Gareth Williams, science historian at the University of Bristol, makes the claim in his new book A Monstrous Commotion: The Mysteries of Loch Ness, after coming across a key passage in the novel Marise, by ‘Stephen Lister’, in the course of his research. In it the narrator claims to have chanced upon the entire scheme whilst supping a pint in Trafalgar Square, London.

In Lister’s tome the narrator states that the salty tale was dreamed up ‘during a conversation which took place in a London public house, under the shadow of a monument erected to the great Lord Nelson’. The book goes onto claim that “The Loch Ness Monster, was invented for a fee of £150 by an ingenious publicity man employed by hotel keepers.”

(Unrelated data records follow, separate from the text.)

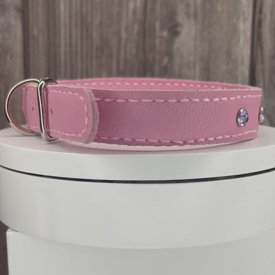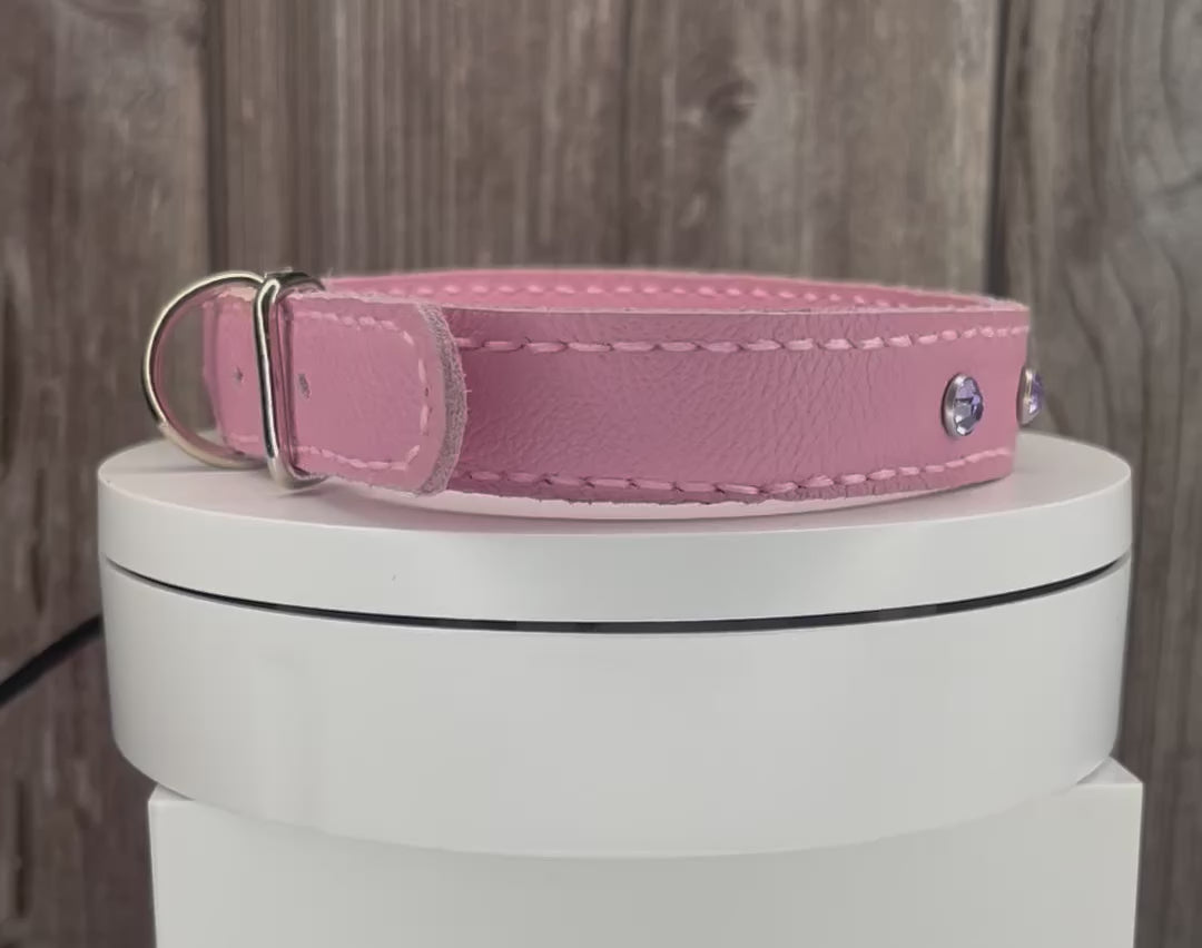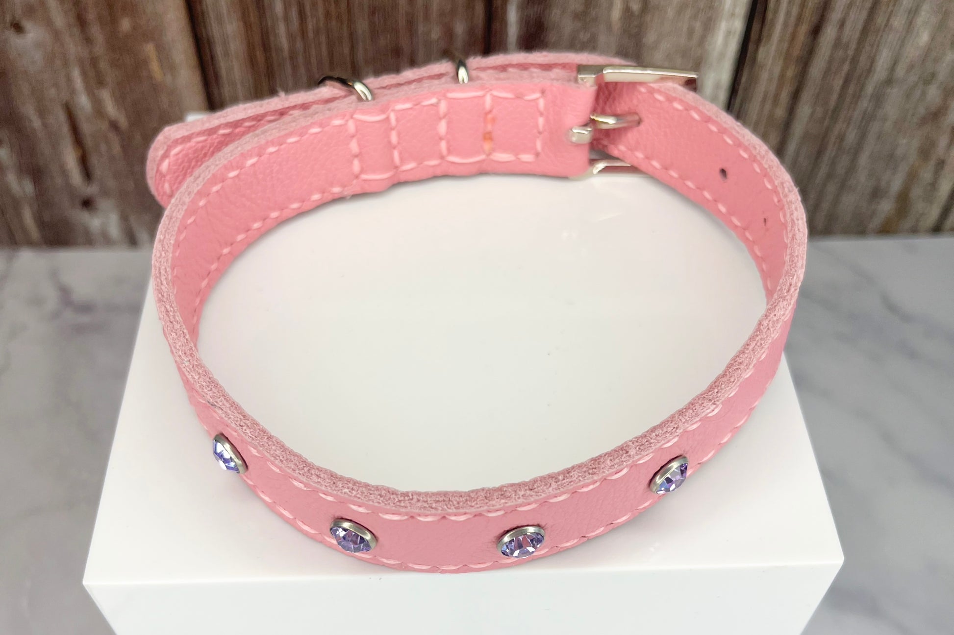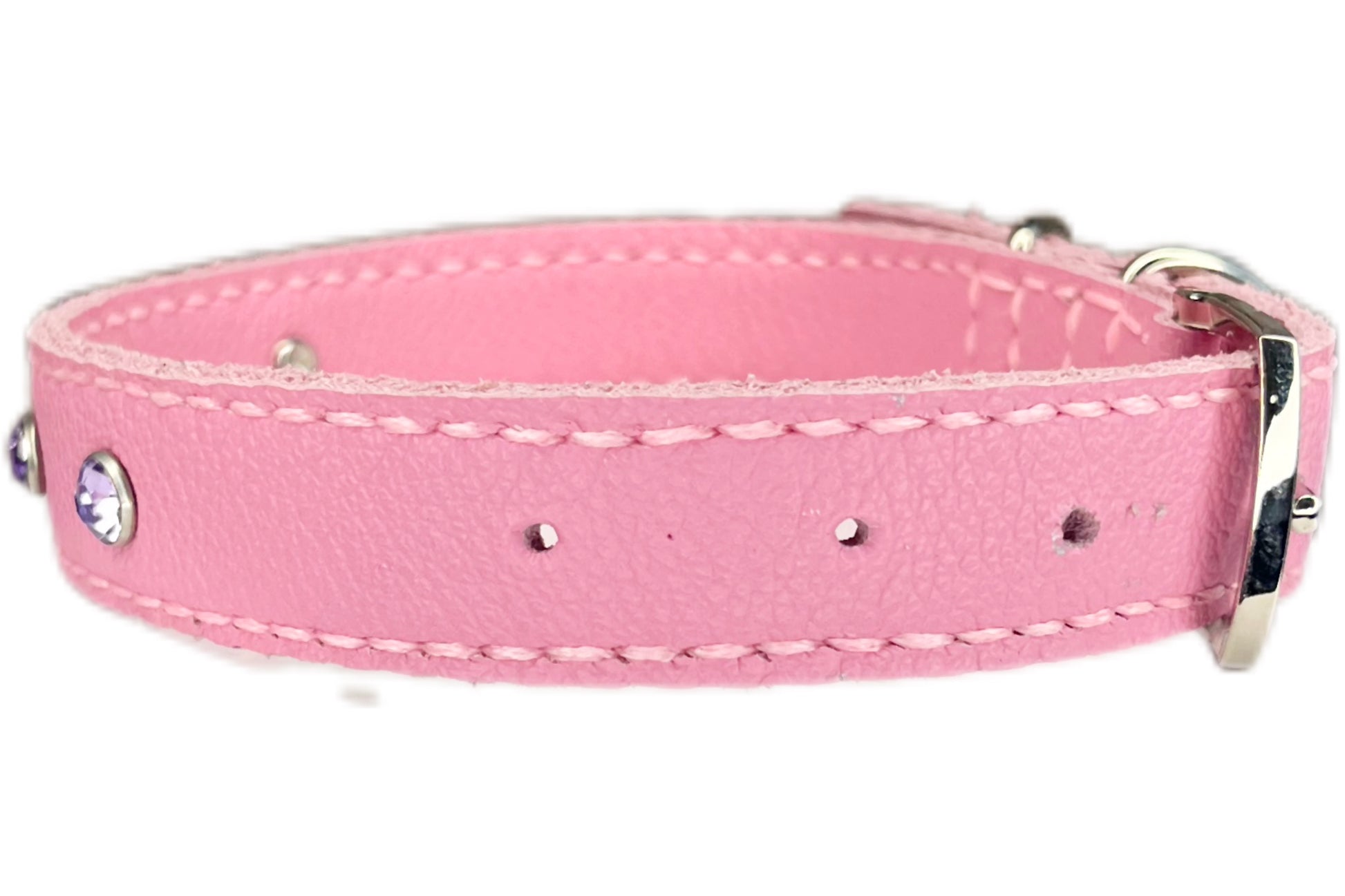 This Pink leather collar is handmade and hand stitched in Pink waxed thread, It has 4 Lilac Diamante Rivets
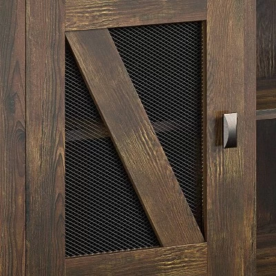- Made of laminated MDF and particleboard with metal mesh door inserts
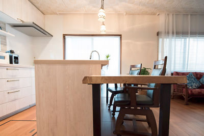 一番のこだわりであるカウンターの一枚板を見つけたときは、A様と一緒に「これしかない」と思いました。最初の打ち合わせ時から、話を聞いただけでイメージが膨らんでいたので、とても提案しやすかったです。だからこそやりすぎないというか、お客様の要望に合わせた暮らしの提案をすることを心がけています。
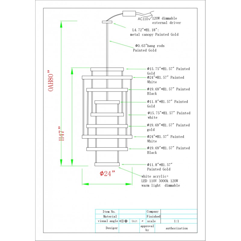 | Overall | 36” Diameter x 100” Height |
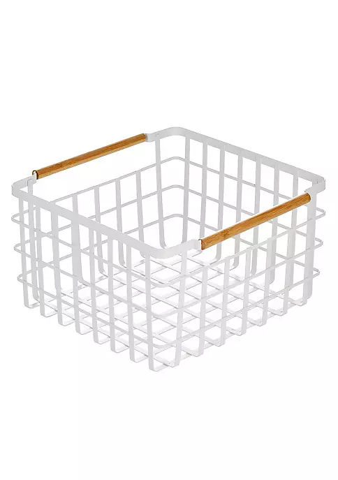 Best Sale 🎁 MDesign Wire Basket with Bamboo Handles 14″ x 14″ x 8″ 🎁

Prof. Williams goes on to further reveal that ‘Lister’ was actually a pen name of public relations consultant DG Gerahty, who claimed credit for the myth after being hired by a group of anxious hotel keepers to revive their trade amidst the downturn of the Great Depression.

Asked whether he personally believed in the myth Williams said: “… If you pinned me up against a wall and said, ‘What do you think?’, I’ve been back through all the evidence before 1930 and there’s bugger all there, basically.”

Gerahty claimed to have based his Scottish creation on a fabricated lake monster called Ogopogo, invented by a canny Canadian estate agent seeking to drive up property prices in the Okanagan Valley in British Columbia.